The SPICE for this is disseminated via two formats.

  1. Static SPICE (PDF with URLs to the papers)

  2. Interactive SPICE below. (Click on the links and the representative Image appears)

Our wish list for the field

1.NSL (Neural Structured Learning): and it’s ramifications on OOD still remains to be explored: Did you just harness NSL to get a better top-k accuracy on your precious little validation set? Check the newly minted model's OOD susceptibility levels. You might be in for a surprise.

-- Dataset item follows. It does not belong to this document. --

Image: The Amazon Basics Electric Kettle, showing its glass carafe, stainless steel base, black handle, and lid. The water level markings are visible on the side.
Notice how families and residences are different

2. Entangled domains: If you, as a machine learner have ever worked on User-authentication (Not user-surveillance. But anonymized user-authentication ), then the [ User | Not-user ] classification is IMHO the ultimate stress-test (perhaps alongside new species identification) for OOD algorithms. In this case, there is zero hand-waviness as to what In-distribution and Out-of-distribution. In-distribution captures all the vagaries captured the user-enrollment. The out-of-distribution captures everything in the universe that is NOT generated by the User you are trying to authenticate. Try your fancy-schmancy, ahem, "ODD algorithms" from your Computer-vision biased SOTA and an attitude-correct and a reality check is in store for you!

3. X-MNISTs are far harder than you think: Most if y'all think of digit-glyph classification when you think of MNIST/QMNIST/Kannada-MNIST. However these datasets also carry the volunteer-ID information associated with the digits. (Example See this tensor for Kannada-MNIST). Should you split these datasets to be in-cohort volunteers authoring the digits and pose ODD as out-of-cohort-volunteer detection, your easy-little MNIST dataset turns into an entangled mess in a jiffy. Give it a try!

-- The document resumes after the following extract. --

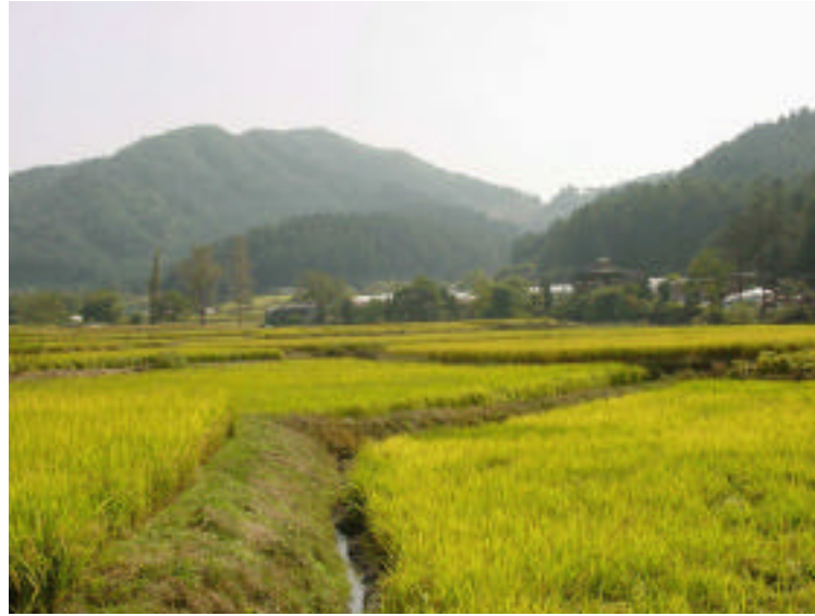
Pic. 5 MyungDal-Ri in YangPyung-Gun

4. Fine-grained classification: While acknowledging the need for standardized comparisons, we remark that the OOD landscape is littered with strange matchups drawn from Tiny-ImageNet , LSUN, CIFAR-x and SVHN datasets that seem rather ad-hoc. This coincides with this uncanny side-stepping of the world of fine-grained classification datasets. Don't they constitute the Rosetta stone for the field?

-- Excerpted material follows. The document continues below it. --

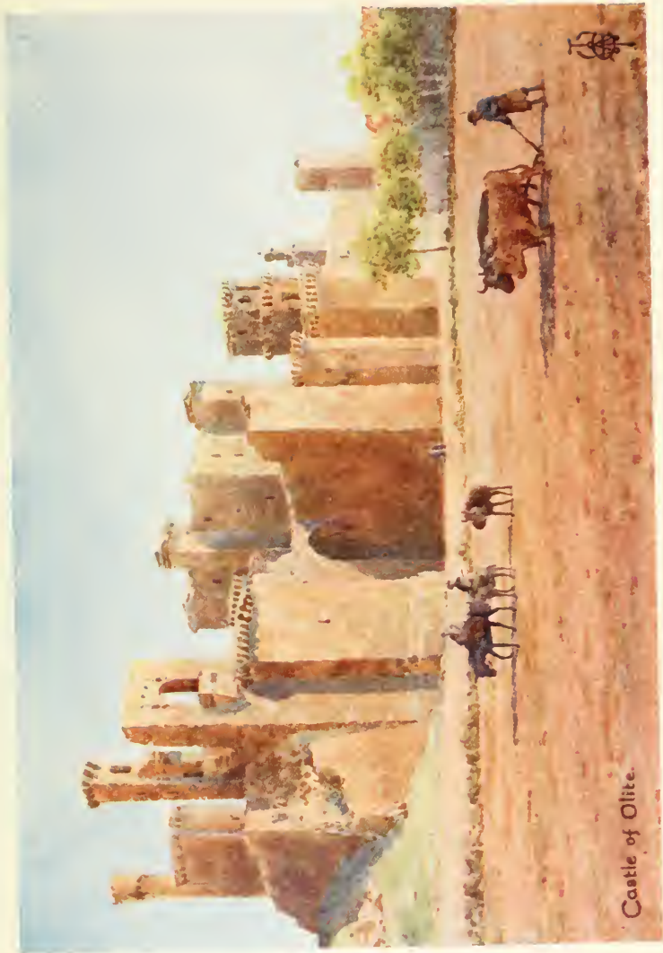
Castle of Olite.

5. Anomaly detection / outlier detection / novelty detection:[ **Insert Distracted Boyfriend meme here** ]. In the pre-deep learning Neanderthal era, loads of interesting and useful ideas were

6. Mind the Domain-bias: This should seem like a no-brainer, but I'd reckon its worth reiterating that there's exists a vast world outside of Machine Learning outside of Computer Vision. The intuitions developed on a bunch of idiosyncratic datasets in Computer Vision do not / cannot and will not hold true when you switch the application. As someone who grapples with human kinematics and motion-sensor tensors on a daily basis, I can vouch that when it comes to transfer learning, optimal architecture design , learning-rate regimes and ODD, most best-practices developed in Computer Vision do not hold true!

7. Hypothesis testing literature: Seriously people. There's an entire rich sub-domain of stats called Hypothesis testing that the DL-bros have totally side-stepped. Take a look. Especially at this Hyppo

8. Don’t ignore calibration : I've observed that often model calibration ideas are weirdly kept separated from the OOD question. Isn't efficient ODD at the heart of a well calibrated model?

9. Mind the loopholes in falling back on humans : Face-based surveillance systems deployed in real world are, in fact, human-in-the-loop systems. yet they falter. This should not come as a surprise. The human vision system is NOT bias-free! Mind the 3 Ps: Psychonomics, Prosopagnosia, Pareidolia.

10. In defense of the NN- Isolation bias: Much akin to Model calibration, the sub-domains of Membership inference attacks, Dataset distillation, Lottery-ticket-hypothesis-type model compression and data-augmentation techniques strongly influence OOD susceptibility. In the case of

11. Emergent lure of Africa as an OOD proving ground: As much of the imagined occident and the Far East falls under the sway of Big Data, it gets accommodated as ‘in-distribution’. This is quickly eliciting a predictivism driven ‘observer effect’ where Algorithms trained in familiar “in-distributed” settings excelling on in-distributed data are ‘Meh!’. This sets the stage for an emergent lure of Africa as an OOD proving ground where algorithms trained in in-distributed occidental bastions endure their baptism by fire.